### PROBLEM DETAILS
Return the records below exactly; pictures stay out.

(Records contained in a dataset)
──────────────────────────────

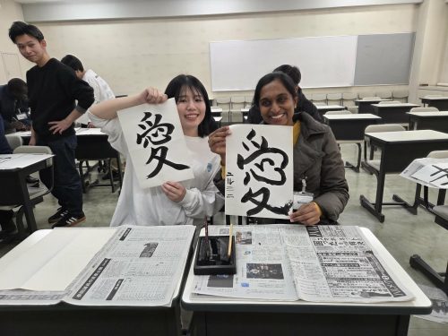参加したグローバルコミュニケーション学科4年の福井さんは、「英語でコミュニケーションをとるいい機会となりました。アメリカ英語に慣れているので、英語は世界の言語であることを実感しました。」同学科4年の田中さんは、「改めて英語が現代を生きていく中で必要だと感じました。同時に自分の英語力にも自信がつきました。」同じく4年の下種さんは、「書道をずっと続けてきたことが役立ちました。私の字をお手本に書いてもらって、とてもうれしかったです。」と語っています。
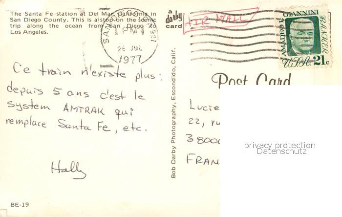72944241 old postcard San Diego California The Santa Fe station at Del Mar postalisch gelaufen Erhaltung siehe scans [WerneD78] KatCode: 14140050000000
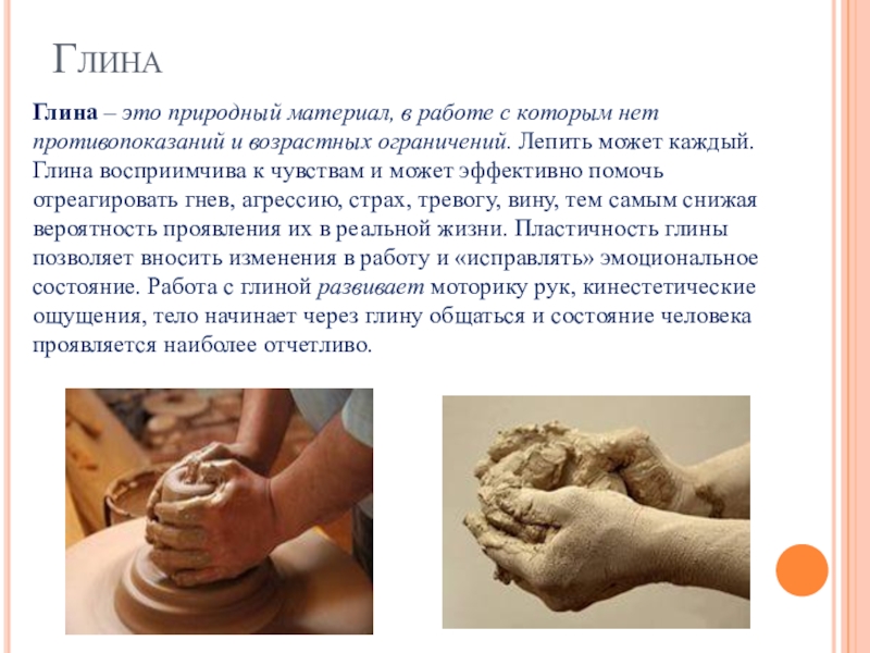 возрастных ограничений. Лепить может каждый. Глина восприимчива к чувствам и может эффективно помочь отреагировать гнев, агрессию, страх, тревогу, вину, тем самым снижая вероятность проявления их в реальной жизни. Пластичность глины позволяет вносить изменения в работу и «исправлять» эмоциональное состояние. Работа с глиной развивает моторику рук, кинестетические ощущения, тело начинает через глину общаться и состояние человека проявляется наиболее отчетливо.
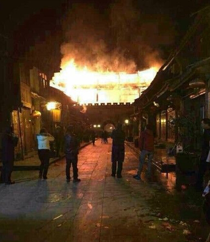 2015年1月3日凌晨三點左右,修建于明朝洪武年間的巍山古城樓起火,雄偉的古樓建筑被毀,目前起火原因不詳。 來源:大理市古城保護管理局
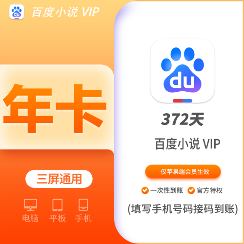 【火爆】百度小说会员年费12个月 限苹果端 支持叠加
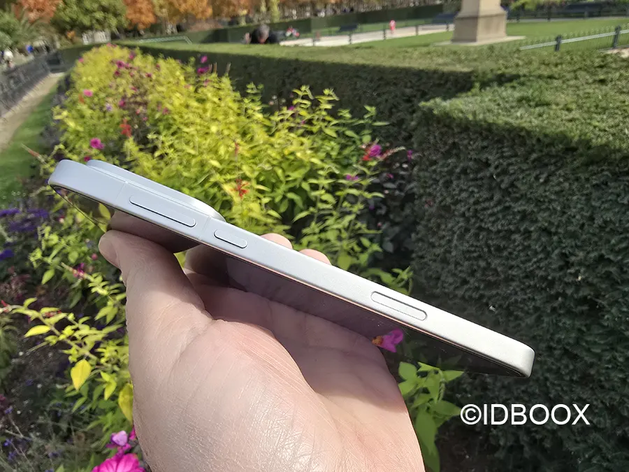 Le côté droit du smartphone abrite le bouton qui sert de déclencheur pour l’appareil photo et le zoom.
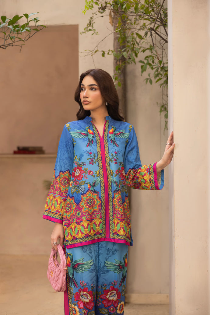 Make waves in OceanAra, a striking co-ord set that blends oceanic cool tones with bursts of vibrant florals and tropical bird motifs. The soft blue crepe silk base is elevated with bold yellow, pink, and red detailing, bringing movement and flair to every step. With a relaxed silhouette and rich, artistic print placement, this look is made for sunny escapes, resort brunches, or effortless day-to-evening transitions.
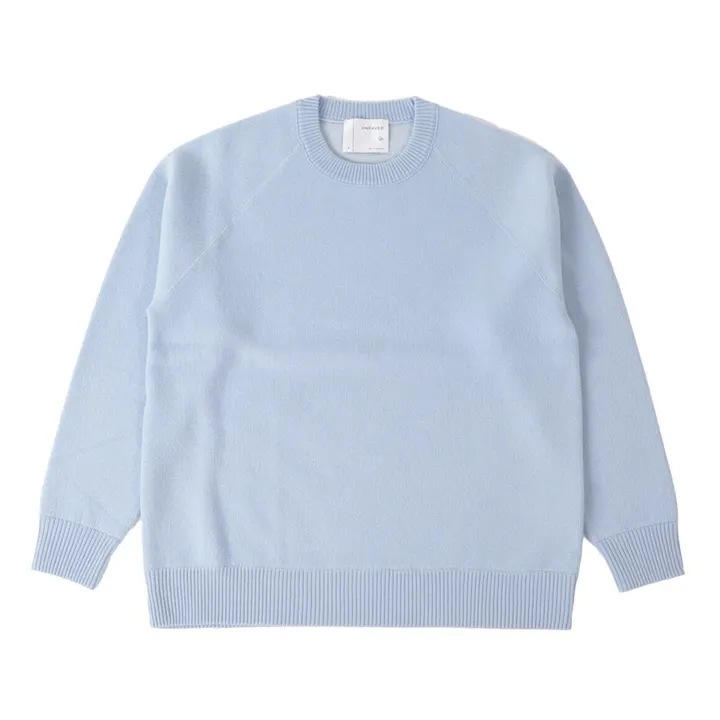 【Caresse】 ダブルジャガード ラグランスリーブカシミヤセーター SAX S
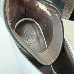 Tibi New York Luxury Abbie Peep Toe Booties Italy Leather Black White Heels 8.5

──────────────────────────────

### RESULT
参加したグローバルコミュニケーション学科4年の福井さんは、「英語でコミュニケーションをとるいい機会となりました。アメリカ英語に慣れているので、英語は世界の言語であることを実感しました。」同学科4年の田中さんは、「改めて英語が現代を生きていく中で必要だと感じました。同時に自分の英語力にも自信がつきました。」同じく4年の下種さんは、「書道をずっと続けてきたことが役立ちました。私の字をお手本に書いてもらって、とてもうれしかったです。」と語っています。
72944241 old postcard San Diego California The Santa Fe station at Del Mar postalisch gelaufen Erhaltung siehe scans [WerneD78] KatCode: 14140050000000
 возрастных ограничений. Лепить может каждый. Глина восприимчива к чувствам и может эффективно помочь отреагировать гнев, агрессию, страх, тревогу, вину, тем самым снижая вероятность проявления их в реальной жизни. Пластичность глины позволяет вносить изменения в работу и «исправлять» эмоциональное состояние. Работа с глиной развивает моторику рук, кинестетические ощущения, тело начинает через глину общаться и состояние человека проявляется наиболее отчетливо.
 2015年1月3日凌晨三點左右,修建于明朝洪武年間的巍山古城樓起火,雄偉的古樓建筑被毀,目前起火原因不詳。 來源:大理市古城保護管理局
 【火爆】百度小说会员年费12个月 限苹果端 支持叠加
 Le côté droit du smartphone abrite le bouton qui sert de déclencheur pour l’appareil photo et le zoom.
 Make waves in OceanAra, a striking co-ord set that blends oceanic cool tones with bursts of vibrant florals and tropical bird motifs. The soft blue crepe silk base is elevated with bold yellow, pink, and red detailing, bringing movement and flair to every step. With a relaxed silhouette and rich, artistic print placement, this look is made for sunny escapes, resort brunches, or effortless day-to-evening transitions.
 【Caresse】 ダブルジャガード ラグランスリーブカシミヤセーター SAX S
 Tibi New York Luxury Abbie Peep Toe Booties Italy Leather Black White Heels 8.5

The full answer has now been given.